First District of Texas




NO. 01-06-00448-CV




UNIVERSITY OF HOUSTON, Appellant



V.



YVONNE MICHELLE DE LUNA, Appellee






On Appeal from the 127th District Court

Harris County, Texas

Trial Court Cause No. 2003-66636


MEMORANDUM OPINION

Appellant, University of Houston ("the University"), appeals from an order denying its plea to the jurisdiction and motion for summary judgment in favor of appellee, Yvonne Michelle De Luna. We determine whether the trial court erred by denying the University's plea to the jurisdiction because its waiver of immunity was excepted under section 101.056 of the Texas Tort Claims Act ("TTCA"). See Tex. Civ. Prac. & Rem. Code Ann. 101.056 (Vernon 2005). We vacate the order denying the University's plea to the jurisdiction and dismiss the suit for want of jurisdiction.

Background

On December 14, 2001, De Luna tripped and fell at the University's Hofheinz Pavilion ("the pavilion") while participating in her graduation ceremony. After receiving her diploma, De Luna was returning to her seat when her foot was caught in a gap between the "platform" and the floor and she fell on her hands and knees. The "platform" was actually a National Collegiate Athletic Association (NCAA) regulation raised wooden basketball court ("raised basketball court") that was constructed in the mid-1980's "consist[ing] of an ash wood playing surface, which was glued, as well as nailed, to two-inch by four-inch wood planks." The raised basketball court was two and one-half inches above the pavilion floor with an exposed gap around the entire court. At the graduation ceremony, the raised basketball court had a non-slip-rubber- membrane material placed over the wood.
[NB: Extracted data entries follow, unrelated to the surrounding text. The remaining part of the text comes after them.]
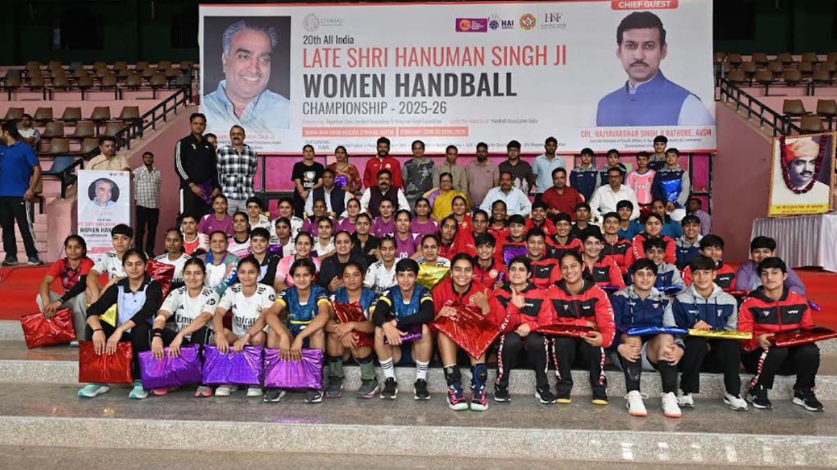जयपुर। जयपुर सांसद मंजु शर्मा ने सवाई मान सिंह स्टेडियम पर खेली जा रही तीन दिवसीय 20वी ऑल इंडिया हनुमान सिंह महिला हैंडबॉल चैंपियनशिप-2025-26 के दूसरे दिन प्रतियोगिता में भाग ले रही 58 अंतरराष्ट्रीय खिलाड़ियों का स्मृति चिह्न देकर सम्मान किया। साथ ही सभी दस टीमों के प्रशिक्षकों का भी सम्मान किया गया। इस अवसर पर श्री राजपूत सभा, जयपुर के अध्यक्ष राम सिंह चंदलाई, राज्य हैंडबॉल संघ के संरक्षक जय आहुजा, महेंद्र शर्मा, हैंडबॉल के गुरु वशिष्ठ अवार्डी सुब्रत सेन, जयपुर जिला हैंडबॉल संघ के संरक्षक अशोक कुमार शर्मा भी मौजूद थे।
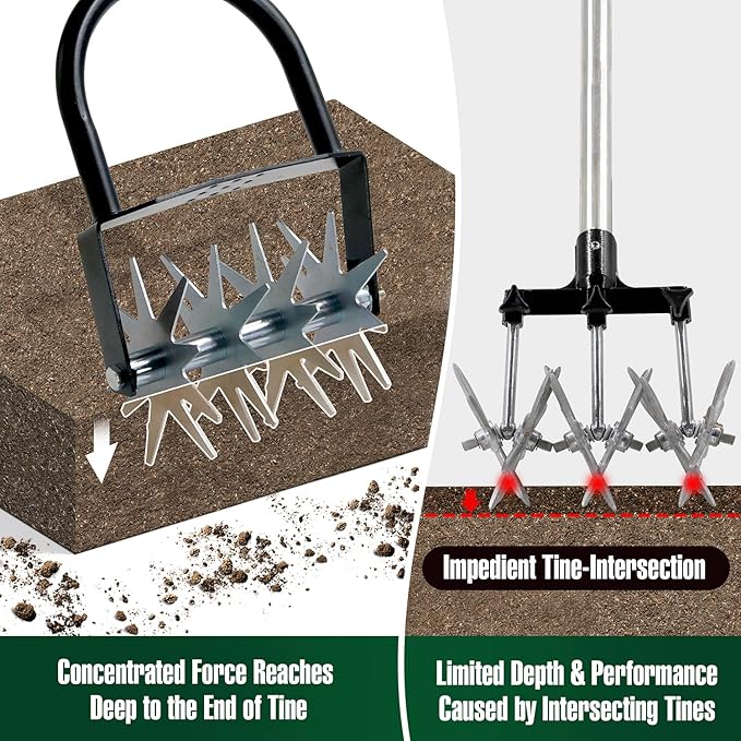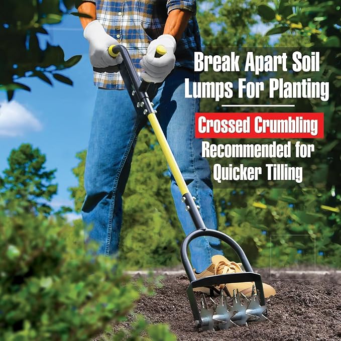 - 【Multi-Use Garden Rotary Cultivator】- Versatile hand tiller excels at cultivate & break apart soil lumps for planting, mix up soils, aerate to reseeding in lawn bare spots. Crossed-Crumbling is recommended for quicker tilling
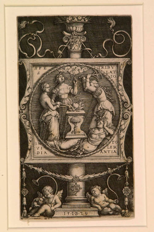 Gallery LabelThe design of this engraved bookplate was probably conceived by Nuremberg’s leading classical scholar, Willibald Pirckheimer (1470–1530). The central image is an allegory that urges patience during trying times. Female personifications of Tribulation and Envy hammer at an anvil that bears Pirckheimer’s coat of arms, a birch tree. Tolerance shoulders the brunt of this assault with great composure. Hope offers comfort by pointing to the rain shower that provides the flaming heart with relief.
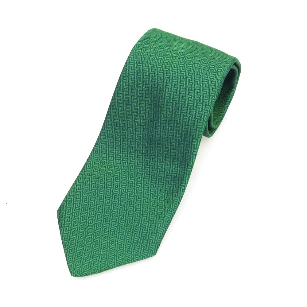 【中古】エルメス HERMES シルク ジャカード ネクタイ グリーン
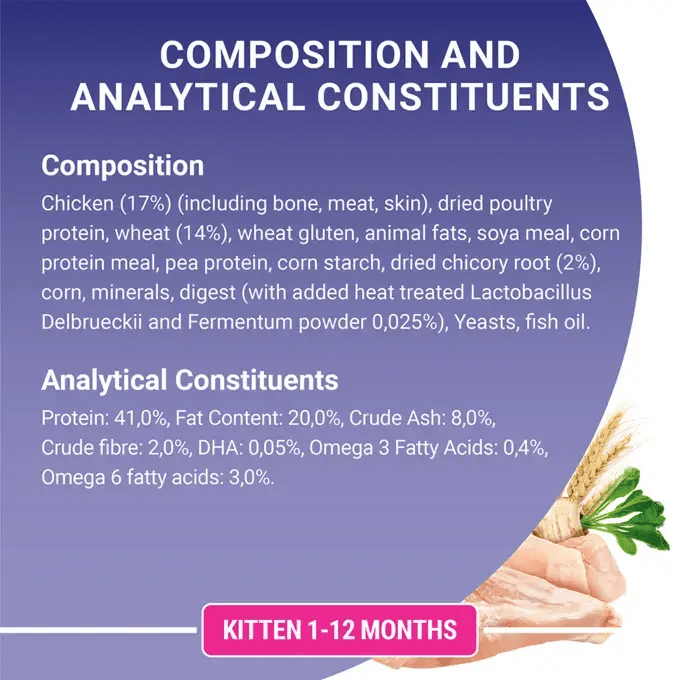 Chicken (including bone, meat, skin) (17%), Dried poultry protein, Wheat (14%), Wheat gluten, Animal fats, Soya meal, Corn protein meal, Pea protein, Corn starch, Dried chicory root (2%), Corn, Minerals, Digest (with added heat-treated Lactobacillus Delbrueckii and Fermentum powder 0.025%), Yeast, Fish oil.
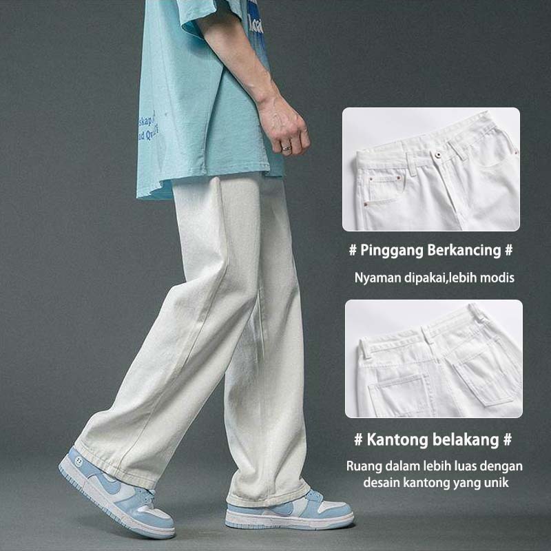 SUYX Celana Jeans Pria Baggy Celana Panjang Putih Oversize Celana Gombrong Pria Korean Style pants
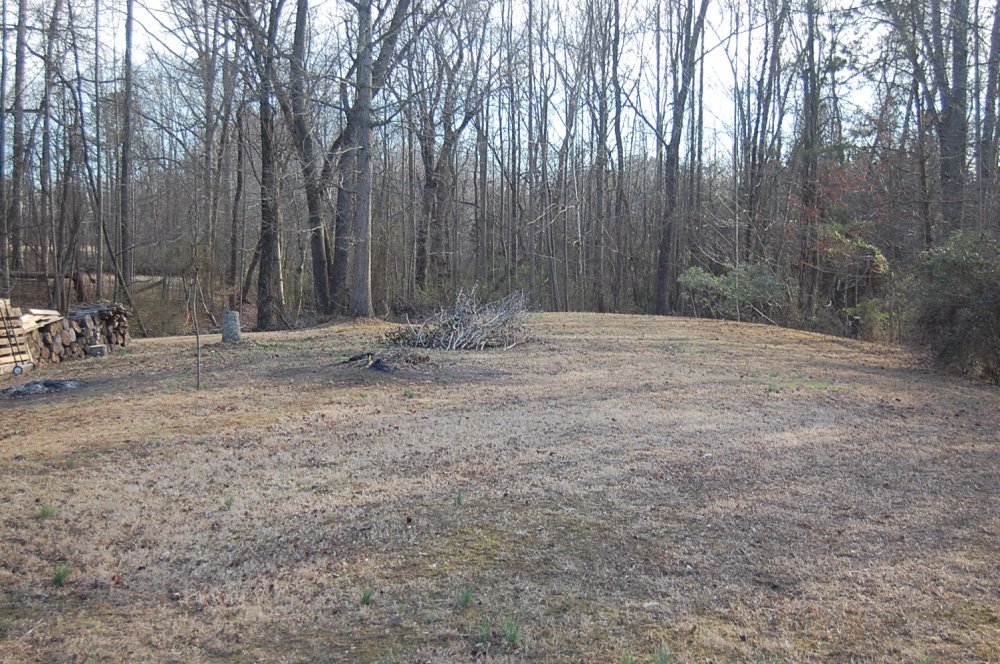 use to grow corn in till the tress got to high, while tilling it found a arrowhead it was not whole but still you could see the makings of it being worked. well today right about where the stick is standing up to the left raked up the shell. picked it up cleaned it off you could see that it's been there for a long time, stopped what

De Luna sued the University on December 8, 2003 alleging, a premises defect. The University filed a plea to the jurisdiction requesting that the trial court dismiss De Luna's claim on the basis that section 101.056 of the TTCA prevented De Luna from recovering damages for her claim because "the University's decision to use the raised platform or basketball court configuration was discretionary." The University also filed traditional and no-evidence motions for summary judgment. The University contended that De Luna's claim should be dismissed because "the evidence show[ed] that no defective condition on the arena floor of the [pavilion] existed to cause [De Luna's] injuries." On April 21, 2006, the trial court denied the University's plea to the jurisdiction and motions for summary judgment.

Standard of Review

On appeal, because the question of subject-matter jurisdiction is a legal question, we review the trial court's ruling on a plea to the jurisdiction under a de novo standard of review. Mayhew v. Town of Sunnyvale, 964 S.W.2d 922, 928 (Tex. 1998).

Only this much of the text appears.